Jacques Brosse a lâché sa plume peu après, il avait 86 ans.
On peut garder son livre sur la table de nuit, dans la cuisine ou autre endroit.

Marie-Laure Jeanne Herlédan

Lien vers la collection Biloba

Petit Almanach des plantes improbables et merveilleuses

de Michel Guérard et Jean-paul Plantive

Chez Ginkgo Éditeur on pourrait utiliser l'exergue de François Rabelais dans le prologue de Gargantua*. Car on s'amuse sérieusement à écrire, on écrit vraiment pour de rire, on jubile, on se gondole, on se désopile, on s'esclaffe, on glousse, on riote, on se poile, on s'égaye itou le lecteur.
Mais attention les auteurs sont gens recommandables : ils ont déjà produit deux autres almanachs, l'un, des mestiers improbables et disparus, l'autre, des grands inventeurs improbables et méconnus. Michel illustre tandis que Jean-Paul rédige, et l'on sait tout sur le liseron des poteaux, le pteris venerabilis, la moulve dentelée, le semperrigidum vermiculus et la pariétaire ombrageuse. L'imaginaire de ces deux-là n'est pas sans rappeler l'encyclopédie de Luigi Sérafini qui, sur le modèle des sommes scientifiques médiévales, avait composé un ouvrage totalement fantaisiste dont l'alphabet lui-même était inventé.

Curieux spécimens que ceux de cette collection Biloba, qui entraîne audacieusement le lecteur.

* Mieux est de ris que de larme écrire
Pour ce que rire est le propre de l'homme

Marie-Laure Jeanne Herlédan

Une histoire de la lecture

de Alberto Manguel

C'est un livre savant au goût savoureux d'aventure. Alberto Manguel est passeur de sa passion : les livres. Chaque étape de son errance dans l'écriture des hommes est pour le lecteur une oasis où il peut étancher sa soif. En ouvrant son ouvrage, on entre dans les bibliothèques du monde, on est ami du plus lointain scribe et de la plus méconnue romancière. Il nous fait croiser la route de Charles d'Orléans, Ménandre, Virginia Woolf, Richard de Bury, Dante, Avicenne, Saint-Augustin, Jane Austen, Rudyard Kipling, Charles Dickens, Dame Murasaki, Mélanie la jeune et quantité d'autres, tant Alberto Manguel est un érudit.

Et l'on retiendra que :
" Dans toute société alphabétisée, l'apprentissage de la lecture représente en quelque sorte une initiation, la sortie ritualisée d'un état de dépendance et de communication rudimentaire. L'enfant qui apprend à lire est admis dans la mémoire commune par la voie des livres, et découvre ainsi un passé partagé qu'il ou qu'elle renouvelle, à un degré plus ou moins grand, à chaque lecture. C'est ainsi que dans la société juive médiévale, le rituel de l'apprentissage de la lecture était célébré de façon explicite. " Alberto Manguel.

Que l'on enduisait de miel une ardoise sur laquelle était gravé l'alphabet hébreu puis on la faisait lécher à l'enfant en âge d'apprendre et on écrivait des versets bibliques sur des œufs durs épluchés que l'enfant mangeait après les avoir lus.

Qu'au XIVème siècle à Dringenberg, bien que la calligraphie, l'art du bel écrire, ne fût jamais négligée, la capacité de lire couramment, sans faute, avec intelligence et habileté à extraire du texte la moindre goutte de sens représentait pour Crato Hofman diplômé de Heidelberg, la priorité absolue. Il était perçu par ses élèves comme joyeusement sévère et sévèrement joyeux.

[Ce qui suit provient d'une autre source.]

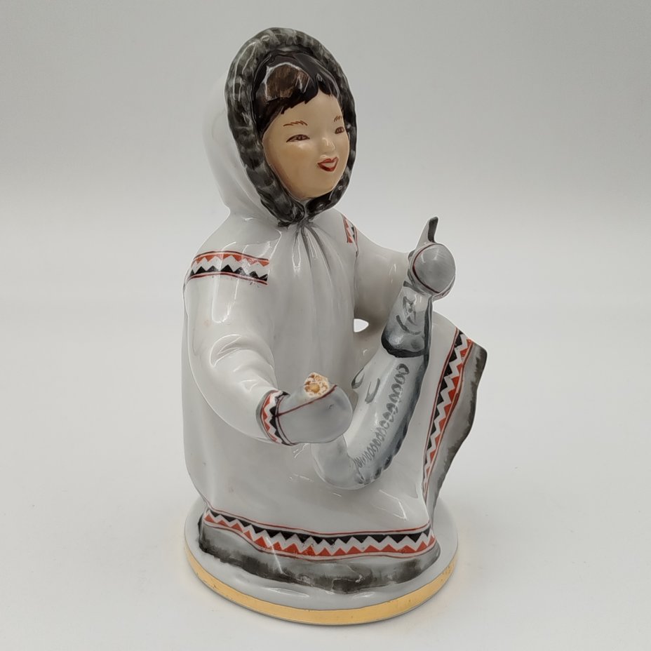 Статуэтка "Девочка-якутка с севрюгой", фарфор, роспись, Ленинградский фарфоровый завод (ЛФЗ), СССР, 1970-1980 гг.

Que Kafka écrivait en 1904 à son ami Oskar Pollak : " Il me semble d'ailleurs qu'on ne devrait lire que les livres qui vous mordent et vous piquent… un livre doit être la hache qui brise la mer gelée en nous. Voilà ce que je crois. "

Qu'au Xème siècle, lorsqu'il partait en voyage, à dos de chameaux, le grand vizir de Perse Abdul Kassem Isma'il faisait transporter avec lui ses dix-sept mille volumes. Les quatre cent bêtes étaient entraînées à marcher en ordre alphabétique.

Que l'on peut considérer comme étant le premier roman le dit du Genji de dame Murasaki. Il fut écrit au tout début de l'an 1000.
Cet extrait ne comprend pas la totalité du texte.